"Yanına gelmemi mi istiyorsun?"
Gözlerimi irice açarak yataktan kalktım.
"Hoşt."
Odanın içindeki lavaboya ilerledim. Arkamdan seslendiğini duymuştum. Yüzümü ekşitip ağlamış gibi surat efadesi yaparak lavaboya girdim.
"Benimle iyi geçinsen iyi edersin Lee Minho! Hep, beraber olucaz."
Lavaboda yüzümü yıkayıp tekrar odaya döndüm. Dolaptan birkaç parça kıyafet çıkarmış yatağın üzerine koymuştu. Bir kıyafetlere, bir de Hwang'a bakıyordum.
"Bunları mı giyicem?"
Sıkılmış bir surat ifadesiyle nefes aldı ve ışığı açtı. Saat sabahın 5i olduğu için fazla aydınlık değildi. Açılan ışıkla ellerimi gözlerime siper ettim. Hwang da bana yaklaşmıştı zaten.
"Holding'i gezmek için şort-tişört takılmayacaksın herhalde? Eğitime başlayacağın zaman giyeceksin onları. Şimdi al giy şunları."
Başımı hafifçe sallayıp yatağın üzerindeki kıyafetleri aldım. Hwang'ın çıkmasını beklerken o hâlâ karşımda duruyordu. Başımı sorgularcasına salladım.
"Ne var? Çıksana üzerimi değiştiricem."
"Şansını zorlama Lee, meraklı değilim senin o iğrenç vücuduna. Çabuk giyin."

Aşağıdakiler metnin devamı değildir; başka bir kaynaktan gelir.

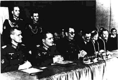 Сидят, слева направо члены КОНР: начальник штаба Вооруженных Сил КОНР генерал-майор ВС КОНР Ф.И. Трухин, начальник Главного управления пропаганды КОНР генерал-лейтенант ВС КОНР Г.Н. Жиленков, Председатель КОНР и Главнокомандующий ВС КОНР генерал-лейтенант ВС КОНР А.А. Власов, начальник Главного организационного управления генерал-майор ВС КОНР В.Ф. Малышкин и др. Стоят, слева направо: оперативные адъютанты генерал-лейтенанта А.А. Власова: начальник командного отдела штаба ВС КОНР полковник ВС КОНР В.В. Поздняков и полковник ВС КОНР И.К. Сахаров. Берлин, отель «Европахаус», 18 ноября 1944 г.

Oflayarak üzerimden tişörtü çıkardım. Hwang da bana bakıyordu. Üst tarafım çıplak kalınca azıcık belirli olan karın kaslarımda gezdirdi gözlerini. Rahatsız olmamıştım ama onu etkileme amacım da yoktu. Şimdiden böyleyse ya ileride beraber duş almayı teklif ederse?!

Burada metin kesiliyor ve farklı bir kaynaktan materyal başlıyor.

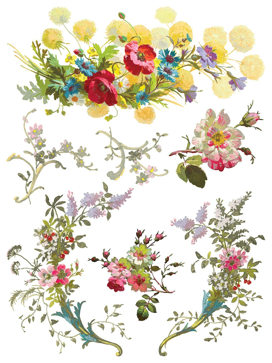 Meet the Saint Germain Transfer, a collection of gorgeous florals inspired by gouache paintings found in a book called Saint Germain Volumes 1 and 2.. The artist is unknown, but the blooms are a mesmerizing celebration of the floral form. With soft light and delicately contrasting shadows dancing across each bloom, this transfer is absolutely delightful.

Beni süzerken sertçe yutkunduğunu gördüm. Sonrasında arkasına döndü, üzerime gömleği ve ceketi giydikten sonra pantolonu da giydim. Bana tekrar döndüğünde yatağın üzerindeki kravatı alıp bana yaklaştı. Başımı eğince kravatı boynumdan geçirdi ve sanki uzakmışım gibi kravatı asıldı. O anki ani hareket ile bir adım ona yaklaşmıştım.
Parfümü yine burnuma gelirken bu sefer nefesimi tutmadım. Kravatı düzeltince geriye adım atıp telefonumu aldım. Tam onu geçip odadan çıkacaktım ki hemen yakamdan tutup geriye çekince ona yaklaştım tekrardan. gözlerimi devirip ofladım.

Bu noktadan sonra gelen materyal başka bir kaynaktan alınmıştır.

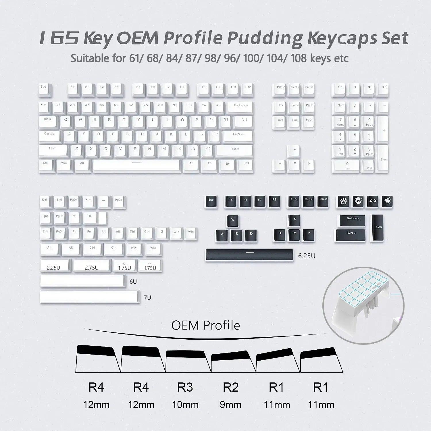 • 165 Key Pudding PBT Double Shot Keycaps: Full keycap set for complete customization.

"Kıyafetim yırtılacak Hwang."
"Kural 2; Gözetmenin arkasından yürüyeceksin. Çaylak olduğun belli olsun."
Sadece başımı salladım. Önüme geçince odadan çıkıp kapıyı kapattıktan sonra yine uzun koridordan yürümeye başladık. Yine aklıma bir şey gelmişti ki yanından yürüdüm. Göz ucuyla bana bakıp iç çekti.
"Ne var?"
"Ben şimdi hep burada mı yaşayacağım?"
"O ne biçim soru be!" dedi tek kaşını kaldırıp.
"Yani diyorum ki eğitim boyunca o odada mı kalacağım?"
Başını salladı.
"Peki kaldığım ev? Kıyafetlerim de orada ya..."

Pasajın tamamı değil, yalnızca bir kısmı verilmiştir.